**Exercise requirements:** Would you repeat word for word the lines of the listing that follows, from the one with "Saw many nonblooming" up to and including the one with "UnaCake注重设计,秉承", and leave out the images?

**Exercise data:**
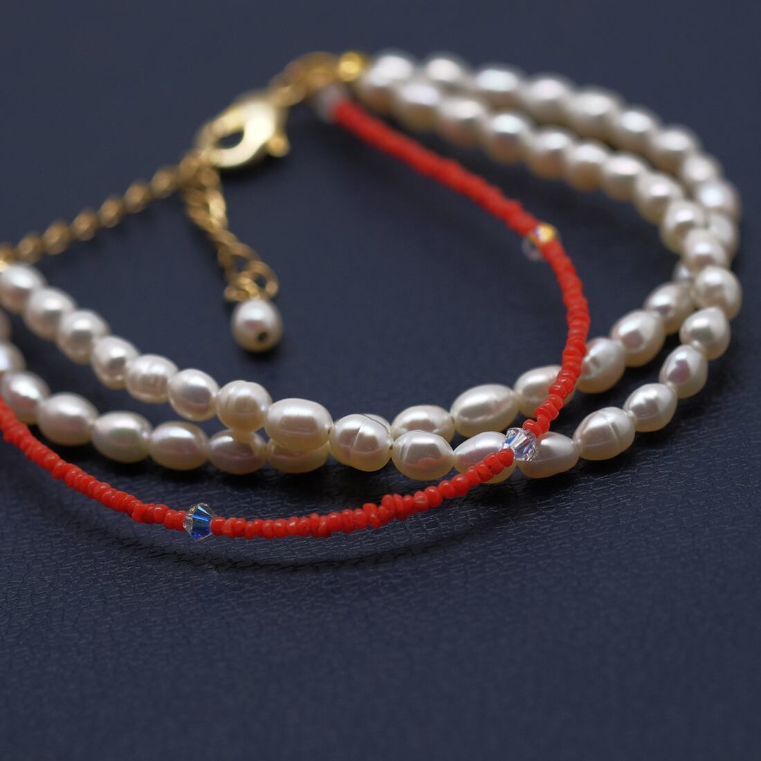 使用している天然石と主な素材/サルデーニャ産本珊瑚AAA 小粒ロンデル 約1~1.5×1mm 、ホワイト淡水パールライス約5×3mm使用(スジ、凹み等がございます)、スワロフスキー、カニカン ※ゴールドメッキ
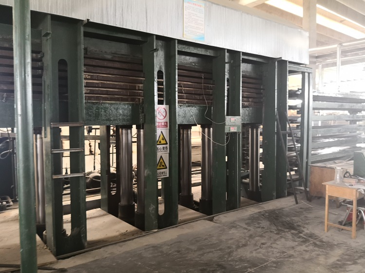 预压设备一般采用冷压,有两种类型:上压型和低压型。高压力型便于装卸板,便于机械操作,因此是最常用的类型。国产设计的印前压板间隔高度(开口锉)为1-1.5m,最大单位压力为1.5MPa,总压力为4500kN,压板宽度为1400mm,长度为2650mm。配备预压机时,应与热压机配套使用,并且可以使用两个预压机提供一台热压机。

--

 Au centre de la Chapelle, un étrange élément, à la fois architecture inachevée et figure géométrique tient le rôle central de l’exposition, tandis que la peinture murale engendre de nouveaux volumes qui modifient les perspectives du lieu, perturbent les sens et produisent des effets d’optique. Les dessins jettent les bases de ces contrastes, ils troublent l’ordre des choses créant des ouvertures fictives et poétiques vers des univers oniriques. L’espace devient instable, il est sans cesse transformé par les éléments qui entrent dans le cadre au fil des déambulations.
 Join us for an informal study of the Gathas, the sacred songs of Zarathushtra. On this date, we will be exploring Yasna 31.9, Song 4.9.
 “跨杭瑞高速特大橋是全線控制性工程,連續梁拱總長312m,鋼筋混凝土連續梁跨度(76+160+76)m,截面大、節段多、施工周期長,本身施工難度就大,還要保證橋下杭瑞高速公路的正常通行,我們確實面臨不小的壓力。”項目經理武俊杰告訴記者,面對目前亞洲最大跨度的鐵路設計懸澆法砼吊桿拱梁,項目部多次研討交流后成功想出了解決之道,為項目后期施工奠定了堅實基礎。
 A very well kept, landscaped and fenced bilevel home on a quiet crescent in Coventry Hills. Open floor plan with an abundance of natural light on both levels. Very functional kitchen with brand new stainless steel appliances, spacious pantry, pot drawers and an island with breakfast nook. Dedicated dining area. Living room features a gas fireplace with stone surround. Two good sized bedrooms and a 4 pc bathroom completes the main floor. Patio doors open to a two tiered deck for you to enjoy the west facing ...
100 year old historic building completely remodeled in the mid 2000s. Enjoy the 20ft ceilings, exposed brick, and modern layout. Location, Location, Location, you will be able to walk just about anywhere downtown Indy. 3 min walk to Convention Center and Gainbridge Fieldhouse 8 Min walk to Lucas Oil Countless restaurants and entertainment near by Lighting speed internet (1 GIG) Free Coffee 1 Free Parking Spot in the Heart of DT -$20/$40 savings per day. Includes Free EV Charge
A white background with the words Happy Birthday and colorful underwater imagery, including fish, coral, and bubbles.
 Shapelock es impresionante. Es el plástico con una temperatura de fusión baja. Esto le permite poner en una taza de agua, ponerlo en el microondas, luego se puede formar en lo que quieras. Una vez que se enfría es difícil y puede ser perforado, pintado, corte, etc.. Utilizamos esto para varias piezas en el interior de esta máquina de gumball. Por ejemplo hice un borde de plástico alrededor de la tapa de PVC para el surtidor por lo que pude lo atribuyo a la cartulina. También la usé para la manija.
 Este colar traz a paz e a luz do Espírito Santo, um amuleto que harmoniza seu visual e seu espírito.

--

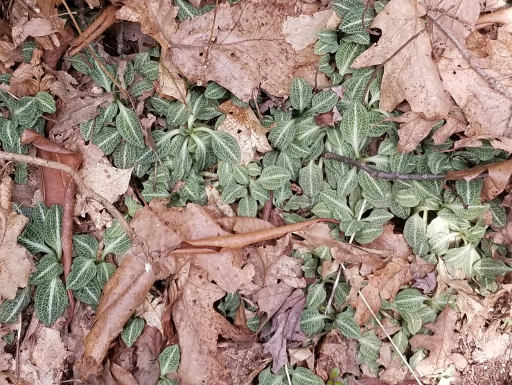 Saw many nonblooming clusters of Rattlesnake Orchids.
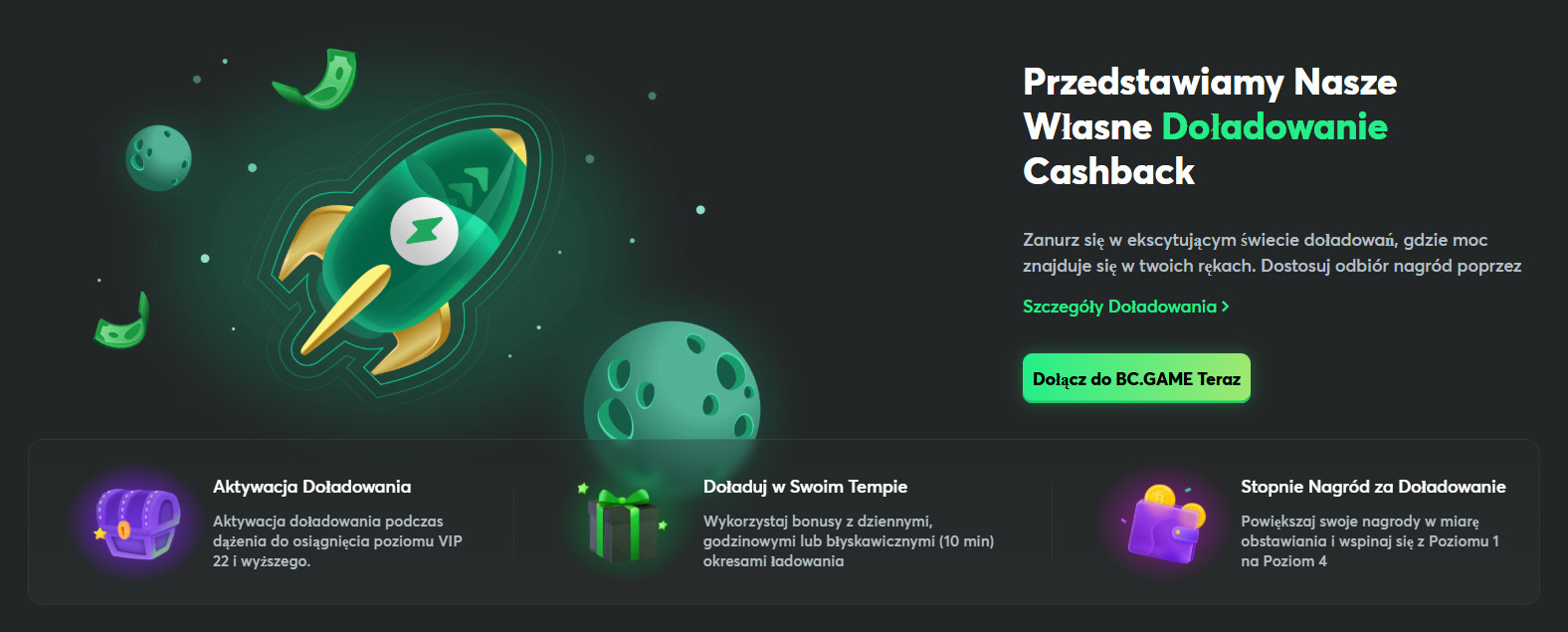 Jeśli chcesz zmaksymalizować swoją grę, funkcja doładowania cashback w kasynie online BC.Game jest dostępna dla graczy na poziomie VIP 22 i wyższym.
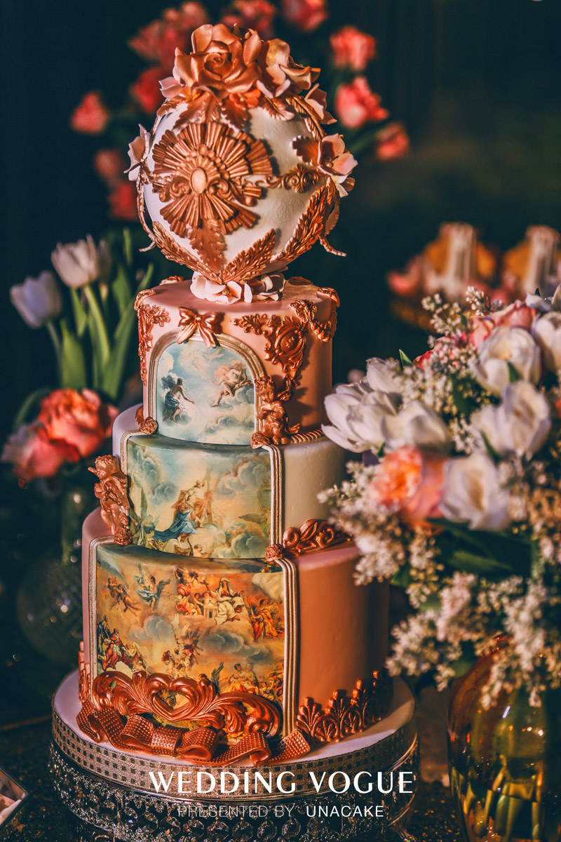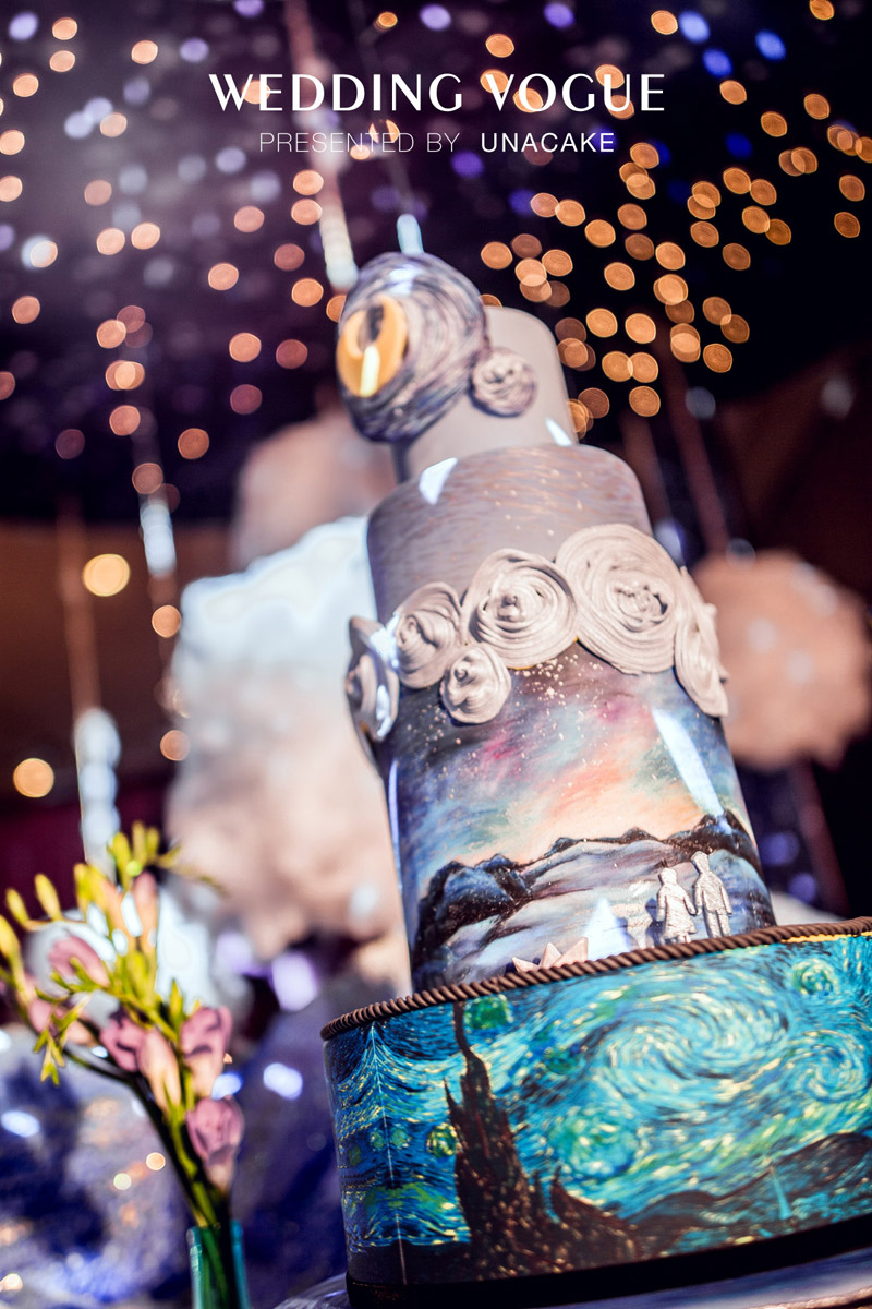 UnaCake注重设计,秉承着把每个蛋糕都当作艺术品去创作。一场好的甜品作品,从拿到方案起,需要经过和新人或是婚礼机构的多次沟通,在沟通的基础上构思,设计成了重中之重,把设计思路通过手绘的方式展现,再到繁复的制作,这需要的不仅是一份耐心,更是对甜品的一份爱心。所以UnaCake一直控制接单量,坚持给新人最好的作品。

**Answer to the exercise:**
 Saw many nonblooming clusters of Rattlesnake Orchids.
 Jeśli chcesz zmaksymalizować swoją grę, funkcja doładowania cashback w kasynie online BC.Game jest dostępna dla graczy na poziomie VIP 22 i wyższym.
 UnaCake注重设计,秉承着把每个蛋糕都当作艺术品去创作。一场好的甜品作品,从拿到方案起,需要经过和新人或是婚礼机构的多次沟通,在沟通的基础上构思,设计成了重中之重,把设计思路通过手绘的方式展现,再到繁复的制作,这需要的不仅是一份耐心,更是对甜品的一份爱心。所以UnaCake一直控制接单量,坚持给新人最好的作品。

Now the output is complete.